= Beginning of Section =

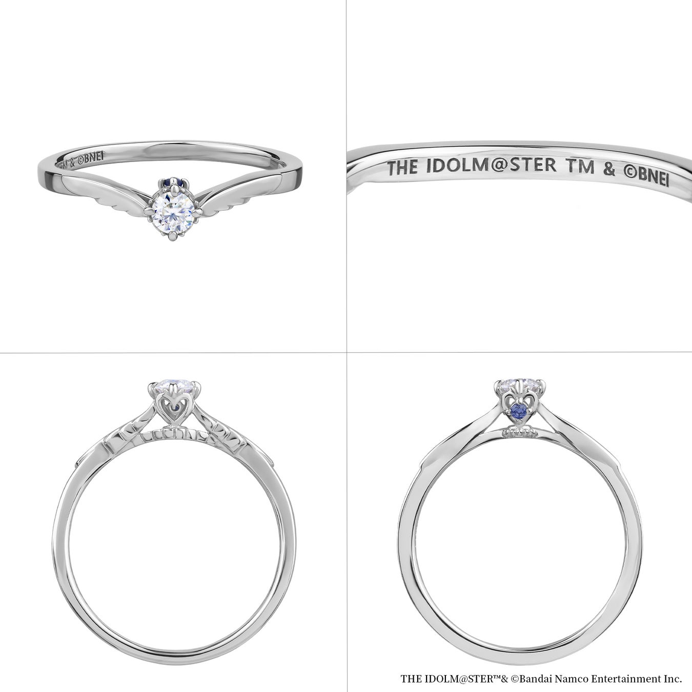ペガサスマークからインスパイアされたハートと羽をメインに、「アイドルマスター シンデレラガールズ」を象徴するような魅力的なデザインに仕上げました。センターには地球上で最も輝くと言われる「モアサナイト」をセッティングし、何よりも輝きを放つアイドル達と、何年経っても変わらないプロデューサーの絆を表しています。また、石座側面にはプラチナ900はサファイヤ、シルバーはサファイヤカラーのキュービックジルコニアをセッティングしました。アームにはペガサスの羽をデザイン。プロデューサーによって成長し、大きく飛躍していくアイドル達の姿をイメージしています。繊細かつ立体的なデザインで高級感溢れるリングは、プロデューサーとアイドル達が歩んできた軌跡を象徴しているのはもちろん、プロデューサーが普段使いでおしゃれに着けて楽しむこともできるアイテムです。
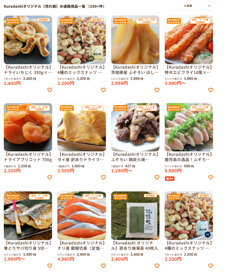 ・Kuradashiオリジナルなど利益が出そうな商品の拡大
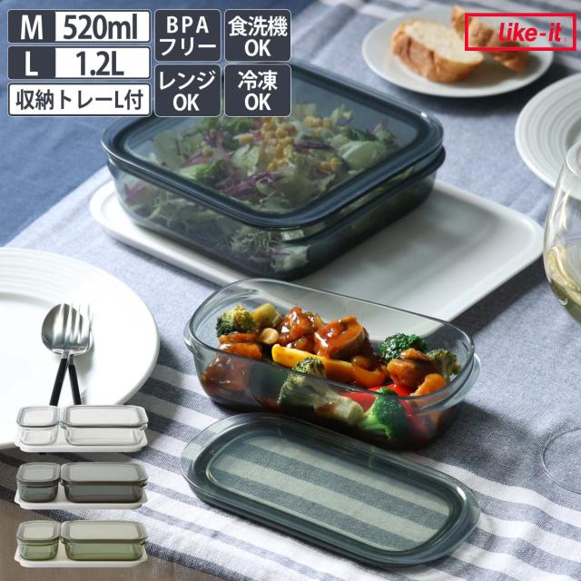 調理ができる保存容器 M1個+L1個+トレーL
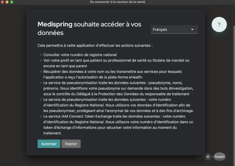 Vous avez une dernière étape qui vous demande si vous autorisez Medispring a accéder à vos données
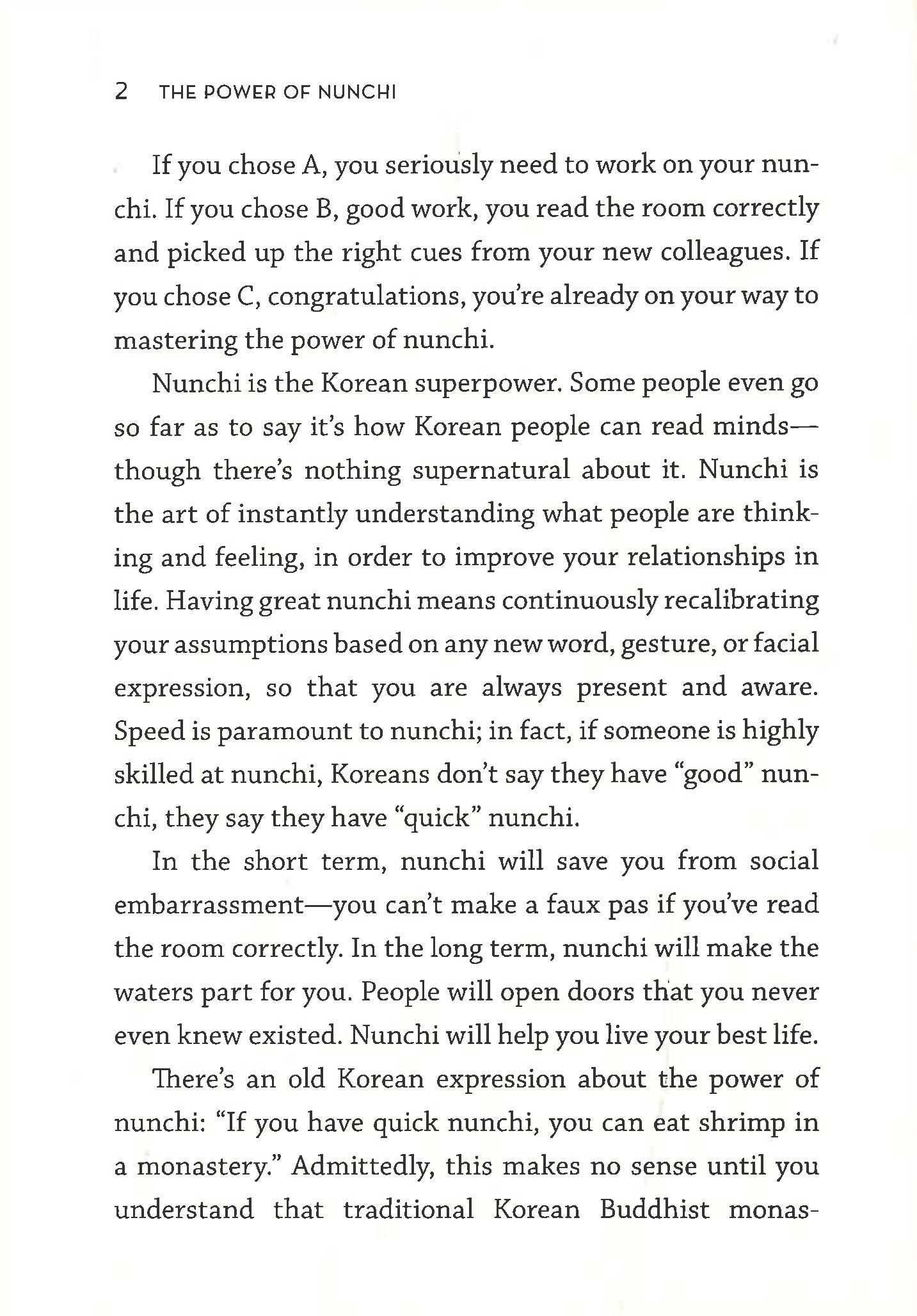 The Korean sixth sense for winning friends and influencing people, nunchi (pronounced noon-chee) can help you connect with others so you can succeed in everything from business to love. The Power of Nunchi will show you how.

= End of Section =

Your reply should be the full data above, copied exactly, with no pictures in it.

ペガサスマークからインスパイアされたハートと羽をメインに、「アイドルマスター シンデレラガールズ」を象徴するような魅力的なデザインに仕上げました。センターには地球上で最も輝くと言われる「モアサナイト」をセッティングし、何よりも輝きを放つアイドル達と、何年経っても変わらないプロデューサーの絆を表しています。また、石座側面にはプラチナ900はサファイヤ、シルバーはサファイヤカラーのキュービックジルコニアをセッティングしました。アームにはペガサスの羽をデザイン。プロデューサーによって成長し、大きく飛躍していくアイドル達の姿をイメージしています。繊細かつ立体的なデザインで高級感溢れるリングは、プロデューサーとアイドル達が歩んできた軌跡を象徴しているのはもちろん、プロデューサーが普段使いでおしゃれに着けて楽しむこともできるアイテムです。
 ・Kuradashiオリジナルなど利益が出そうな商品の拡大
 調理ができる保存容器 M1個+L1個+トレーL
 Vous avez une dernière étape qui vous demande si vous autorisez Medispring a accéder à vos données
 The Korean sixth sense for winning friends and influencing people, nunchi (pronounced noon-chee) can help you connect with others so you can succeed in everything from business to love. The Power of Nunchi will show you how.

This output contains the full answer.